Ans: I think the better method for selecting portfolio of Mr. David is Mr. John’s
recommendation. Mr. Tom’s selection is based on random diversification which simply
means choosing securities randomly from a large number of securities without taking
consideration of its characteristics such as expected return and company classification
whereas Mr. John’s selection is based on non-random diversification based on Markowitz
principle that takes into consideration of inputs like expected return, variance and
covariance in choosing securities which lacks in random diversification. From this
selection, Mr. David can reduce its portfolio risk and gain expected returns.

Mr. John’s recommendation will require more hard work and effort because it has to
choose the security upon the inputs like expected return, variance and co movements of
securities with one another whereas Mr. Tom’s recommendation does not require any
consideration of inputs.

Expected rewards of Mr. John’s method will be much better than Mr. Tom’s method
because Mr. John’s recommendation is measured on important points of inputs which are
described in Markowitz theory while Mr. Tom’s recommendation is not.

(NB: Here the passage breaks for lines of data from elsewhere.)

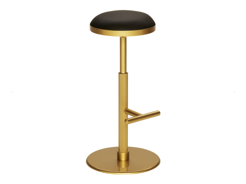 - Scaun tip taburet din oțel, disponibil în diferite finisaje.
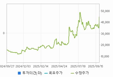 2023년 말 1만 원대였던 주가는 현재 약 44,800원 수준까지 반등한 상태입니다. 기술적으로는 34,000~40,000원대 매물대를 돌파하며 강한 지지선을 확보한 것으로 분석됩니다.
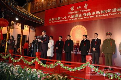 本次寒山寺除夕听钟声活动已是第28届,31日,江苏省委常委、苏州市委书记王荣,苏州市委副书记、市长阎立,苏州市领导周福元、冯瑞渡、周向群、周伟强、王少东、肖汉涛、汪国兴、周性光、吴文元、范佐、谭颖、吴砚池、金明,日本池田市日中友协会长藤尾昭、金泽市日中友协代会长西野正次等参加了听钟声系列活动,共祝苏州市人民和海内外嘉宾生活美满、万事如意。
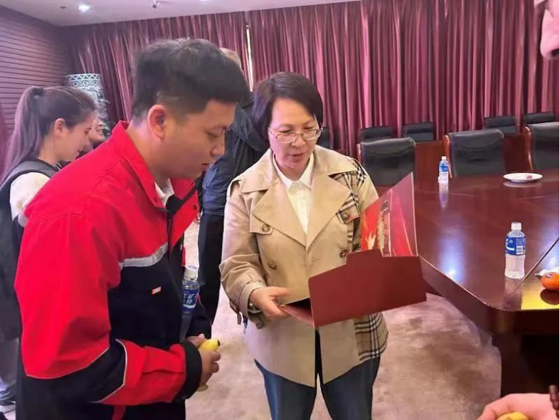 李云梅院长代表学校首先为大家送去节日的问候。首先要立足岗位和训练,在工作中传递劳动光荣、技能宝贵、创造伟大的时代赋予职业人的使命和责任;其次大家相聚轻工,就是一家人,无论中外、南北,我们都是轻工人,要秉承轻工“修德育能、日见其功”的校训,不断前行;最后勉励大家都要弘扬主旋律,传递正能量,要把增强对家乡、对第二故乡——天津的浓厚情感作为涵养学生家国情怀的重要内容,自愿做天津文化的传承者、传播者,将来毕业后留在天津创业或就业。座谈结束,李院长为每个学生团队赠送学校自制的五四青年节礼物——轻工邮票。
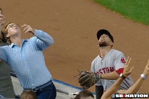野手が捕れない位置じゃないけど客が邪魔で諦めているな
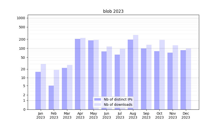 blob_2023_stats.tab| Month | Nb of distinct IPs | Nb of downloads |
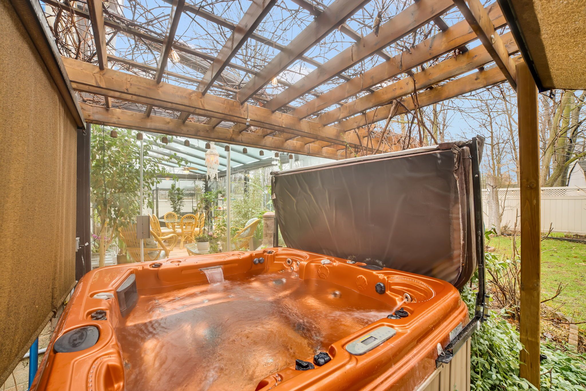 • Outdoor space features a hot tub and upgraded concrete patio.
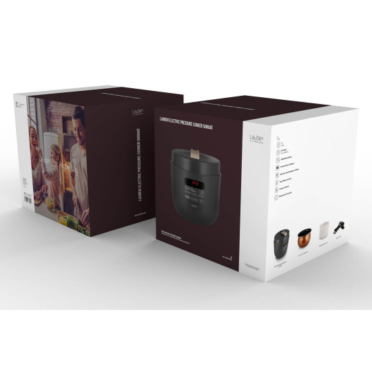 Víceúčelový a energeticky úsporný elektrický tlakový hrnec Lauben Electric Pressure Cooker 5000AT umí díky tlaku uvnitř připravit chutné pokrmy za rekordně krátkou dobu. Čas, který ušetříte, tak můžete věnovat sobě či rodině. Zároveň uspoříte i peníze, neboť spotřeba energie je při tomto způsobu vaření nižší. Kratší příprava prospívá také surovinám, které si uchovávají více živin. Stačí přitom jediné, vložit vše potřebné do hrnce, zavřít, zapnout a o vše ostatní se již přístroj postará sám.
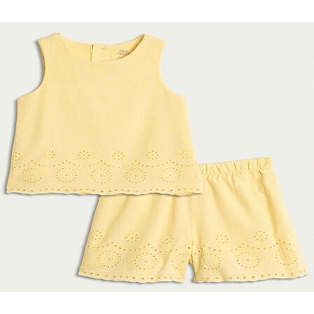 2-Piece Pure Cotton Broderie Vest and Shorts Set in Yellow
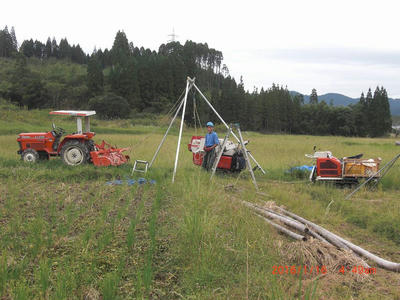 10月末、草の勢いが衰えない今年の暑さで頭がボーっとしているときに、用水路に脱穀機を転落させてしまった。積んだモミ袋を落としたのが原因だった。拾う間に脱穀機はさっさと行ってしまい、用水路へ真っ逆さま。
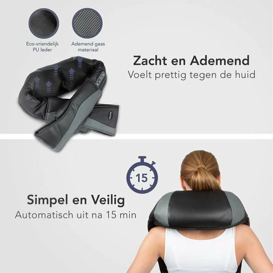 Een massage is heerlijk, maar overstimulatie van de spieren is niet wenselijk. Om te voorkomen dat spieren te veel gestimuleerd worden, schakelt het massagekussen zichzelf automatisch uit na 15 minuten. Uiteraard is het massagekussen beveiligd tegen oververhitten en zal het zichzelf uitschakelen als dat dreigt te gebeuren. Val je uit ontspanning in slaap, dan ben je dus veilig en beschermd.
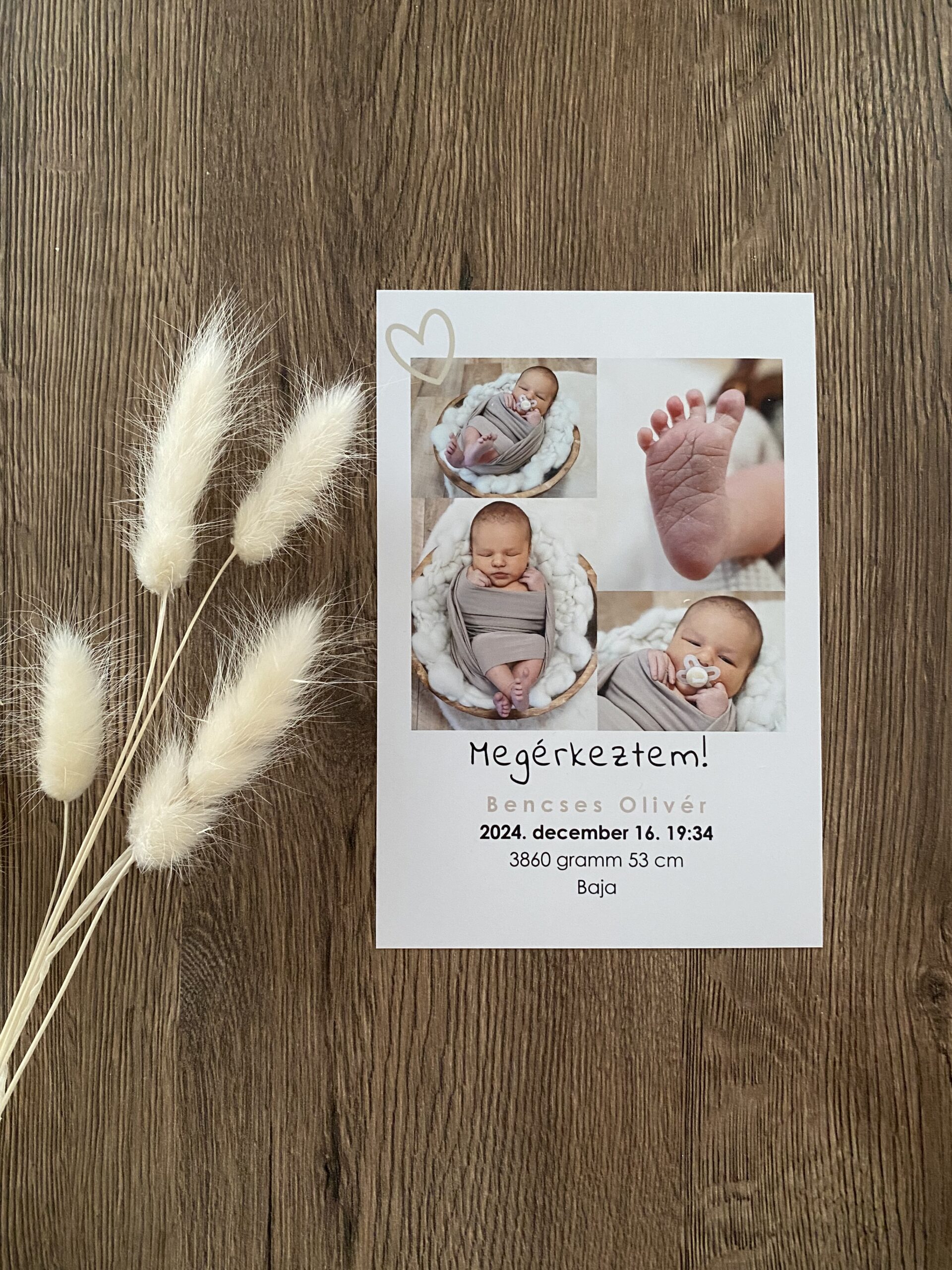 MEGÉRKEZTEM kártya – a baba születési adataival
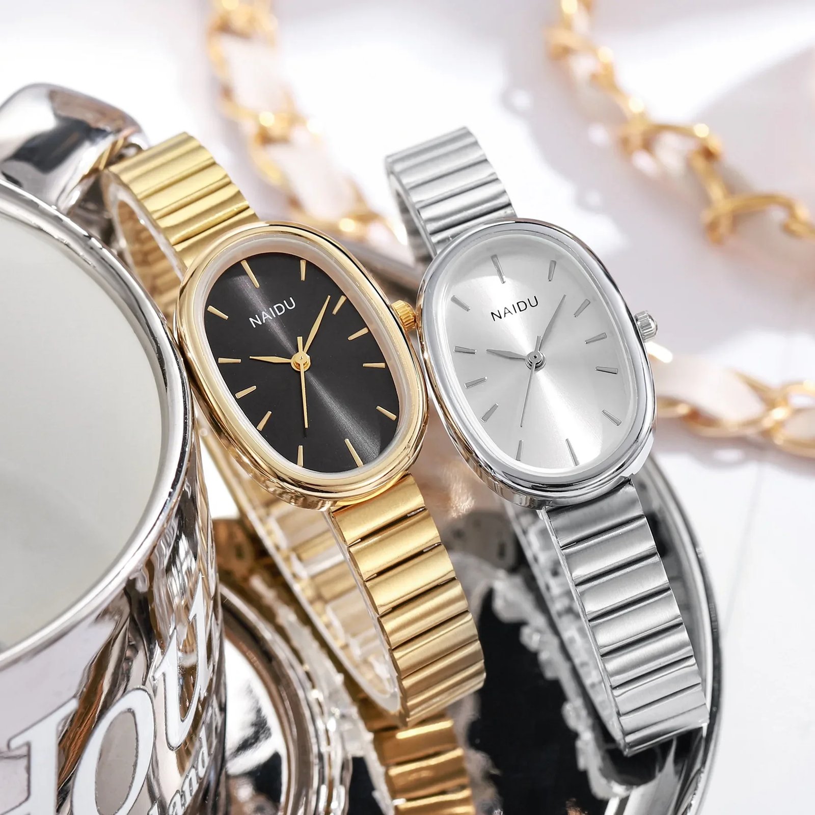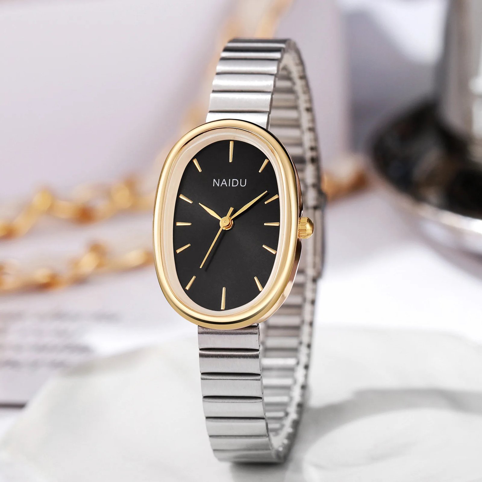 • حزام الساعات البيضاوي يمنحك مظهرًا أنيقًا وأنثويًا بفضل تصميمه البيضاوي الفريد والحزام الرقيق الذي يضيف لمسة خفيفة ومميزة
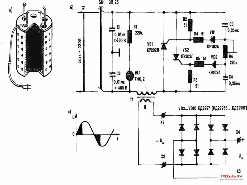 Режимы работы задают с помощью потенциометра. Совместное конденсаторами C2 и C3 он образует фазосдвигающие цепочки, каждая из которых, срабатывая во время своего полупериода, открывает соответствующий тиристор на некоторый промежуток времени. В результате на первичной обмотке сварочного Т1 оказываются регулируемые 20-215 В. Трансформируясь во вторичной обмотке, требуемые -Uсв позволяют легко зажечь дугу для сварки на переменном (клеммы Х2, Х3) или выпрямленном (Х4, Х5) токе.

2. Describe the various features that Mr. John must observe in a security before adding
it to the portfolio

Ans: Mr. John has to workout inputs like expected return which is different from realized
return, is estimated return of a security and variance is the individual risk of a security
which only contribute market risk and covariance is the co movements of security with
one another and study the correlation of securities.

3. Do you think Mr. John can completely eliminate risk from Mr. David’s portfolio if he
adds more and more stock to the portfolio? Justify your answer with reasons.

Ans: No, I don’t think Mr. John can completely eliminates risk from Mr. David’s
portfolio because he will only eliminate un-systematic risk also called company-specific
risk which is based on company classifications not the market risk. Market risk or
systematic risk is un-avoidable because the risk is due to the market behavior which
includes interest rate risk, market and inflation risk.